Friday, June 07, 2019

Modern Family: Strong Touring Cast Makes for a Fine ‘Falsettos’ -- Chicago Theater Review

Theater Review

Nederlander Theatre, Chicago
Thru June 9

I've seen over 350 different musicals--some many times over--but never, until Wednesday night at the Nederlander, had I seen Falsettos.

So although I wouldn't rank it among my favorite musicals, or quite call the fine current touring production a "must-see"—the run ends Sunday, so locals would be hard-pressed even if I did—I'm delighted that Broadway in Chicago offered it as part of my subscription series.  

I like other shows by the composer/lyricist William Finn—most demonstrably The 25th Annual Putnam County Spelling Bee—and I can readily appreciate, with its origins going back 40+ years, how progressive a show Falsettos has always been.

Act Iwhich originated as an 1981 Off-Broadway one-act by Finn and book writer & director (including presently) James Lapine in under the title, March of the Falsettosis set in 1979 and features a successful Jewish New Yorker named Marvin (played here by Max von Essen), who is leaving his wife Trina (Eden Espinosa) for a free-spirited man named Whizzer (Nick Adams).

Photo credit on all: Joan Marcus
Trina remains in the picture—and even romantically pursued by Marvin’s therapist, Mendel (Nick Blaemire)—as does her & Marvin’s 10-year-old son, Jason (Jonah Mussolino at the performance I attended).

Act II—originally 1990’s Off-Broadway Falsettoland—moves things to 1981, adds lesbian neighbors named Cordelia (Audrey Caldwell) and Dr. Charlotte (Bryonha Marie Parham) and sadly weaves in the then-nascent AIDS epidemic.

So clearly, Falsettos—which first ran on Broadway in its present form in 1992, and whose 2016 revival sparked the current national tour—presented a “Modern Family” long before the hit sitcom.

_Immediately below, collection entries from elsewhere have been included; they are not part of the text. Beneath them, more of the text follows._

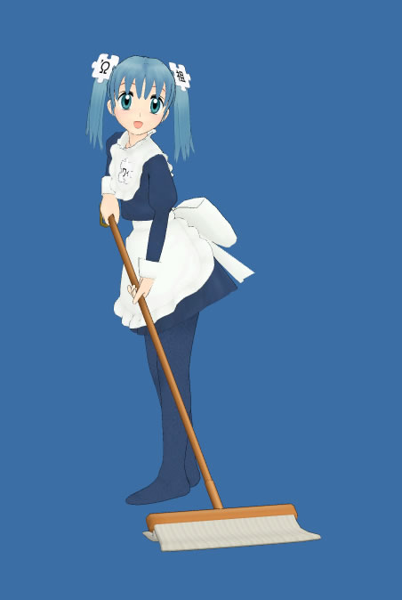 A snapshot of a 3D model of Wikipe-tan made with "Metasequoia". The model itself can be downloaded on the source site given below, and the file can be opened with mmViewer.
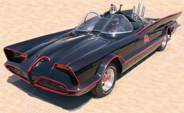 Photo of a Batmobile from the 1960s television series as shown in New York City, USA on Friday May 30th, 2003. The car was being exhibited at a Special Presentation of Cars Used in Movie's and Television. Original photo taken by Jennifer Graylock. This photo has been cropped and had its background cleared up. When the original file was uploaded to Wikimedia Commons, it was available from Flickr under the stated license. The Flickr user has since stopped distributing the file under this license. Creative Commons licenses cannot be revoked, so the file is still free to use under the terms of the license stated here.
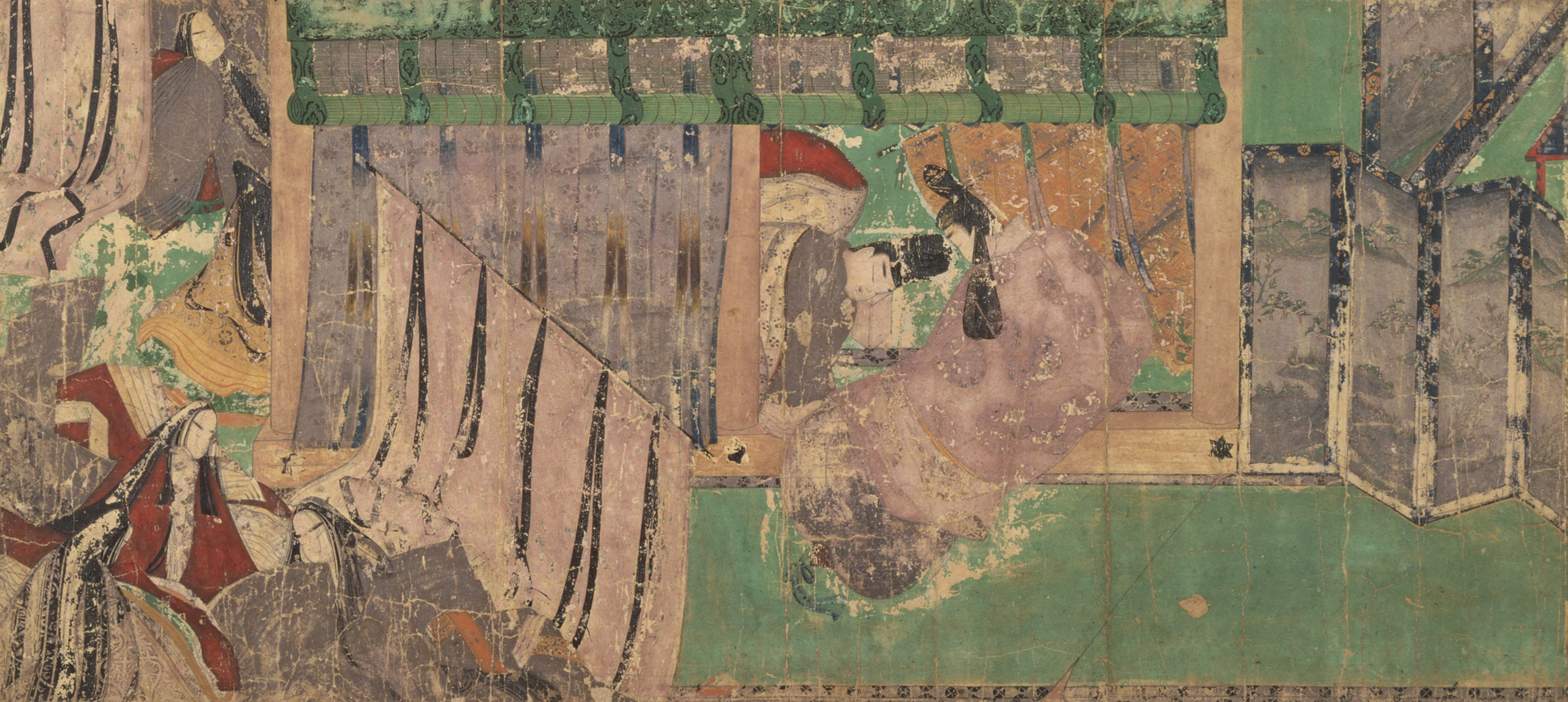 A scene of the Chapter "KASIWAGI" of Illustrated handscroll of Tale of Genji (written by MURASAKI SHIKIBU(11th cent.). The handscroll was made in about ACE1130 and stored in TOKUGAWA Museum, Japan. The handscroll were separated to each sections and mounted to frame for conservation.
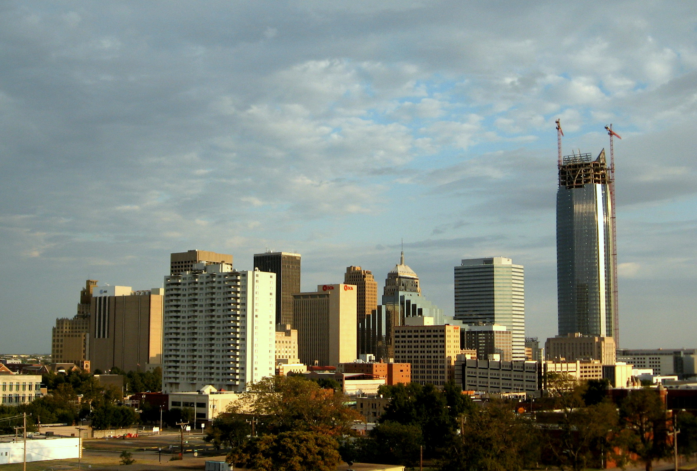 Downtown Oklahoma City from the northwest.
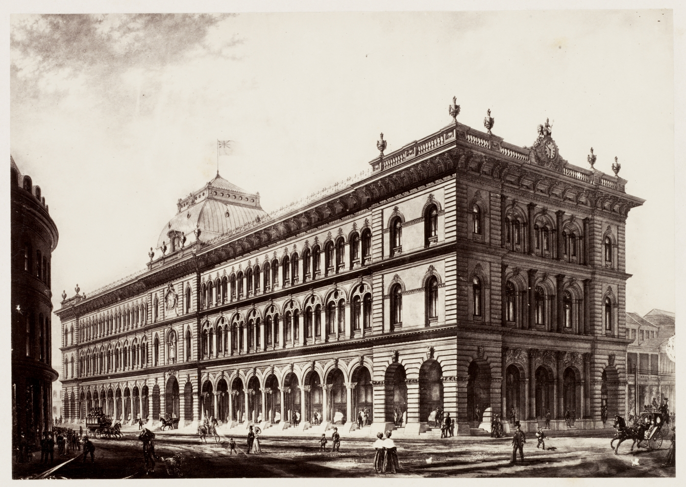 14. Post Office (Taken from the Drawing)
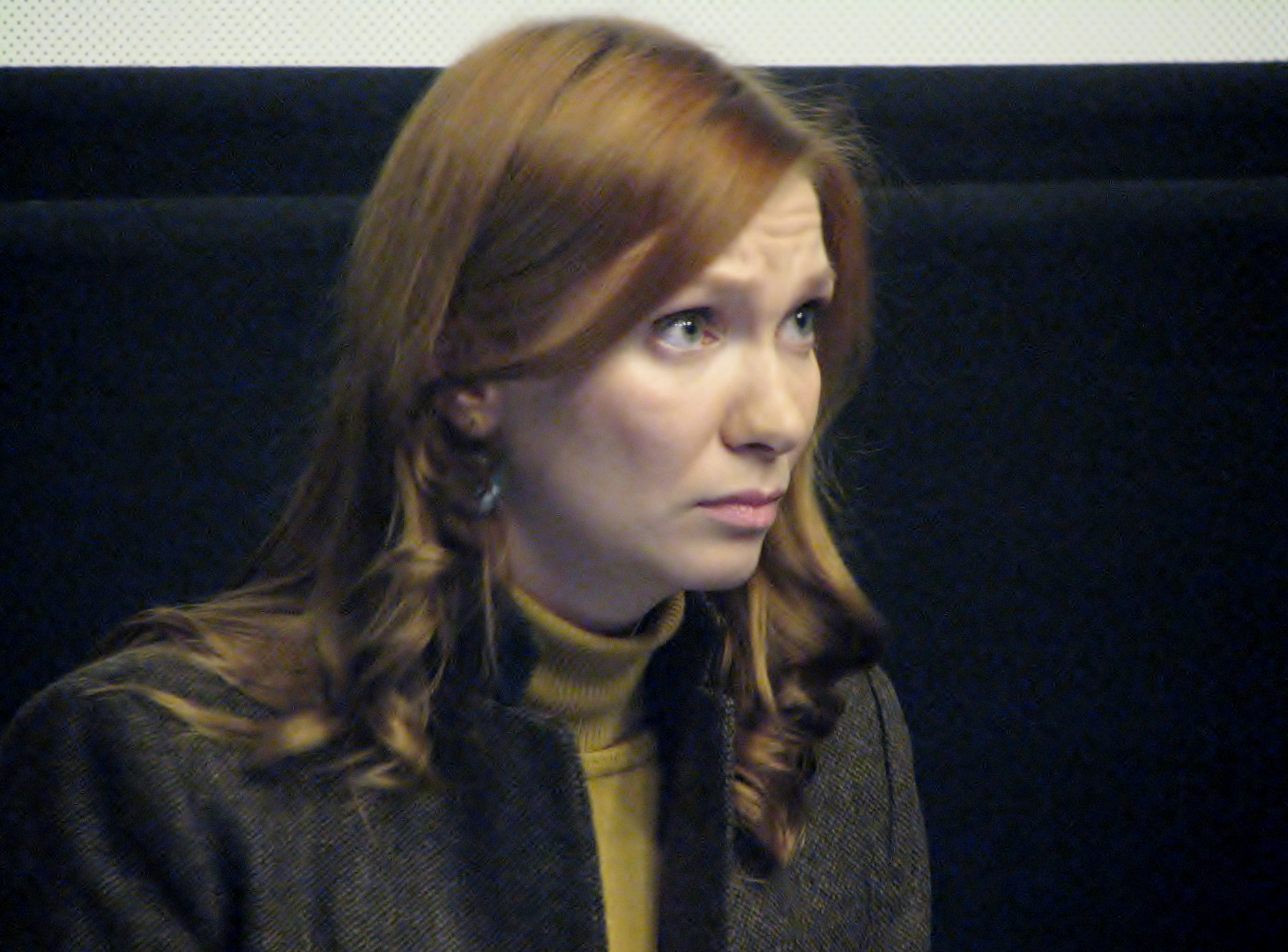 Eva Näripea performing during 16th Tallinn Black Nights Film Festival
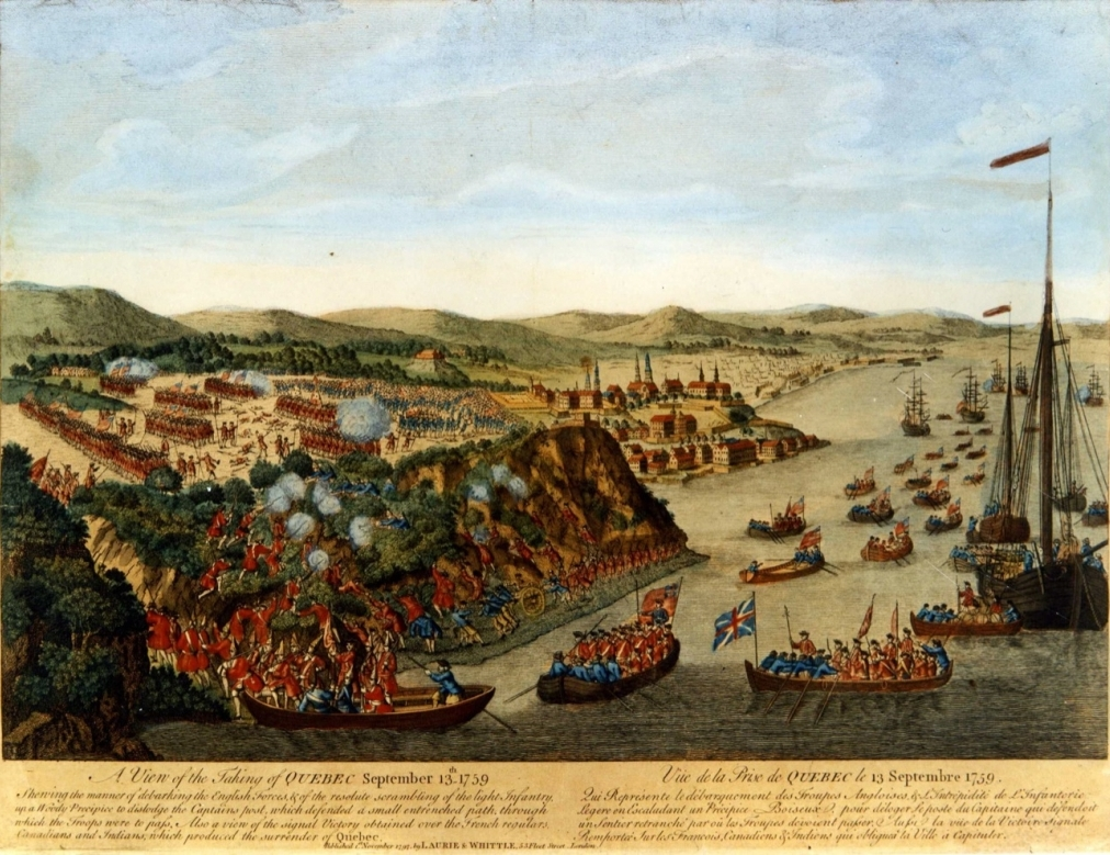 This 1797 engraving is based on a sketch made by Hervey Smyth, General Wolfe's aide-de-camp during the siege of Quebec. A view of the taking of Quebec, 13th September 1759.
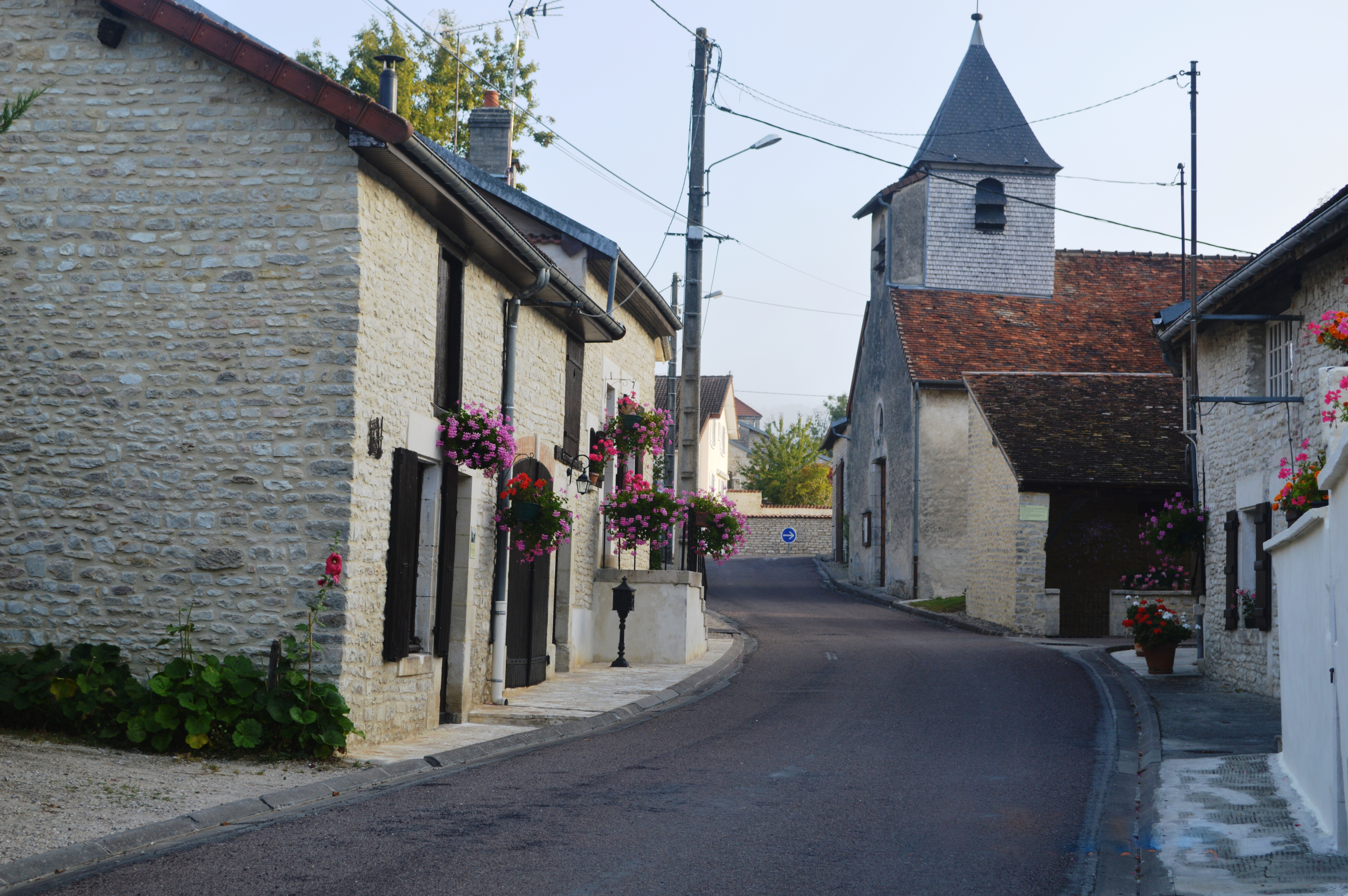 A street in Ailleville

And while, in a recent review of Next to Normal, I credited that show's 2009 Broadway bow for ushering in an age of intimate, domestic, highly dramatic musicals devoid of ensembles and dance routines—from which followed Fun Home and Dear Evan Hansen—I can now appreciate how groundbreaking Falsettos was in that regard as well.

Its story about a family that is broken in a traditional sense but forever bonded by love is quite endearing, and all the more poignant being seen during LGBT Pride Month.

With von Essen, Adams, Espinosa, Blaemire, Parham and even young Mussolino—who shares the role of Jason with Thatcher Jacobs—all bringing solid Broadway credits, this is one of the more impressive touring casts I’ve ever seen, in terms of both pedigree and performance, .

Though many of the songs are brief yet wordy, Finn can write superb showtunes, with “Love is Blind,” “I’m Breaking Down,” “The Games I Play,” “I Never Wanted to Love You,” “The Baseball Game” and “What Would I Do” just some of the highlights.

The score is nicely split between company songs, solo turns and tunes featuring various assemblages of characters. In all cases, the voices are quite impressive.

Chicago Tribune theater critic, Chris Jones, who knows the material far better than I, gave this touring rendition 4 stars (out of 4 in his case) and calls the cast "better than Broadway's."

Yet despite my admiration for what Falsettos is about, its long being ahead of its proverbial “time” and my appreciation for the vast talents of those involved—including Lapine, who scripted and directed three Stephen Sondheim musicals I love (Sunday in the Park with George, Into the Woods, Passion)—my fervor never reached a high-pitched frenzy.

In truth, only a rather gripping conclusion prompted me to award @@@@ (out of 5) rather than 1/2@ less.

This assessment isn’t based on any acute negatives, just a candid gauge of my level of enjoyment and embrace.

Despite many compelling aspects, on an initial viewing Falsettos just didn’t beguile me on par with many musicals I’ve liked much better.

There is delight to be found in its narrative, themes, many songs and touring cast performances, and this is definitely a musical well-meriting familiarity.

But while I love its “love is love” messaging, at this point Falsettos is more a musical I merely liked.